HSBC、1日で約130億円を荒稼ぎ-昨年のトルコ通貨安の際に

  • 昨年夏のリラ取引による特殊な利益を届け出で開示
  • 大規模利益、同行のモデルで予測されていた大きさの2倍以上
The logo for HSBC Holdings Plc is displayed on the bank's headquarters building in Hong Kong.
Photographer: Anthony Kwan/Bloomberg

英銀HSBCホールディングスは昨年のトルコ金融危機の際に、約1億2000万ドル(約133億円)を1日で稼いだ。通貨リラの急落によって利益を挙げた。規制当局への届け出で明らかになった。

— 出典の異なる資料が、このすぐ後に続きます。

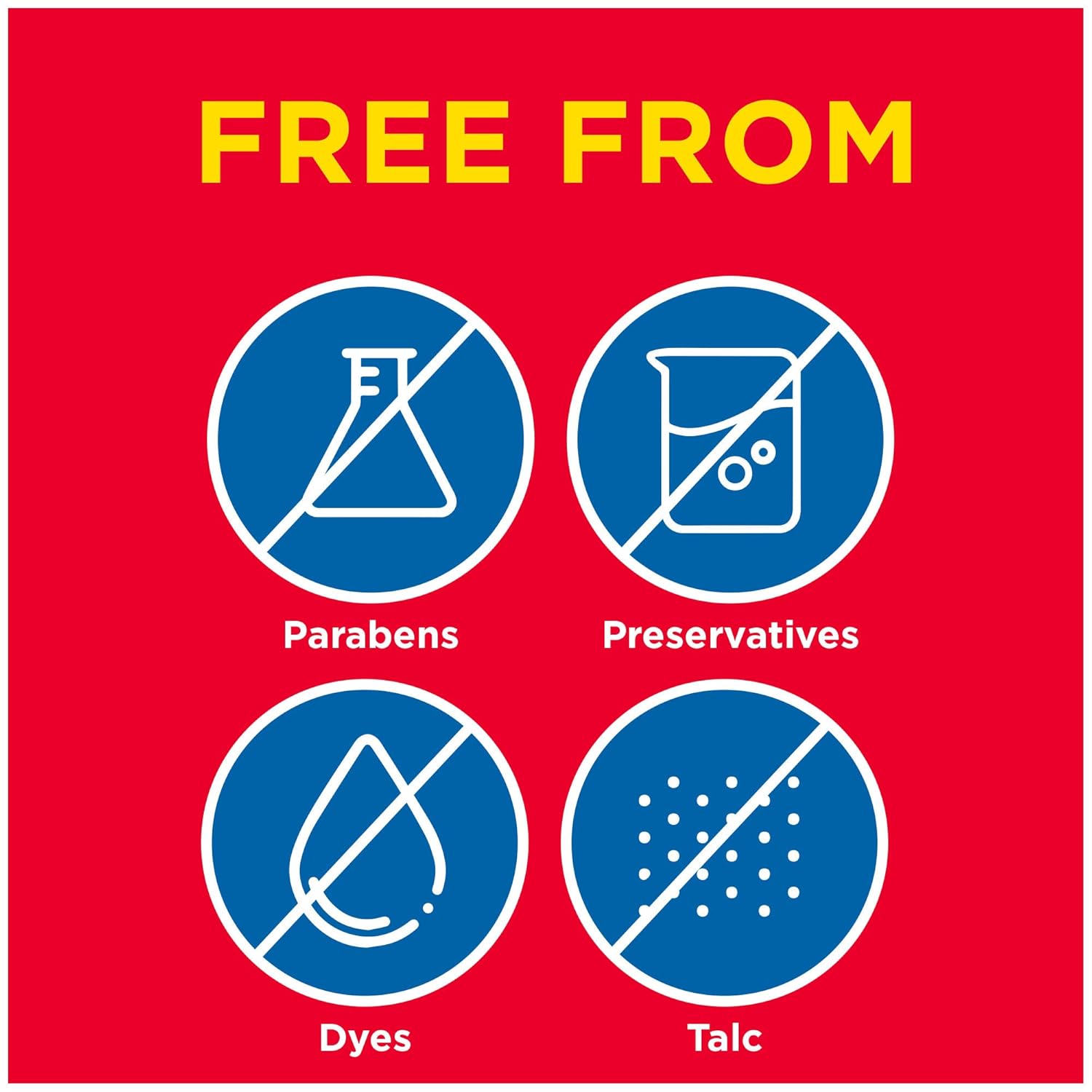 - Free from dyes, preservatives, parabens and talc
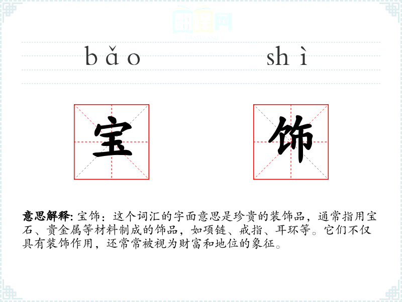 宝饰:这个词汇的字面意思是珍贵的装饰品,通常指用宝石、贵金属等材料制成的饰品,如项链、戒指、耳环等。它们不仅具有装饰作用,还常常被视为财富和地位的象征。

  昨年夏のリラ急落は、英バークレイズなどトルコへのエクスポージャーを持つ一部投資銀行のトレーディング収益に打撃をもたらした。一方、HSBCはリラの値下がりで恩恵を受けた。

  通期決算とともに19日公表された届け出によると、「トルコ・リラのスポット相場のボラティリティーを動因とした」大規模な利益は、HSBCの市場リスクモデルで予測されていた大きさの2倍以上だった。同行はこの利益について、昨年の実際の利益と損失に対して同モデルの検証テストを実施した際に発見した3つの特例のうちで最大だったと説明した。

HSBC Win

HSBC、トルコ・リラ取引で1億ドル以上の収益を達成

  HSBCの利益は、昨年のトルコ経済危機時の2週間にドイツ銀行のトレーダーらが稼いだ3500万ドルの数倍に上る。

  米国の制裁や関税の影響で打撃を受ける中、景気過熱も加わり、トルコの金融市場は昨年、混乱に陥った。リラは対ドルで最安値を更新した。

  HSBCの広報担当者はコメントを控えた。

原題:HSBC Made $120 Million in One Day During Turkish Currency Rout(抜粋)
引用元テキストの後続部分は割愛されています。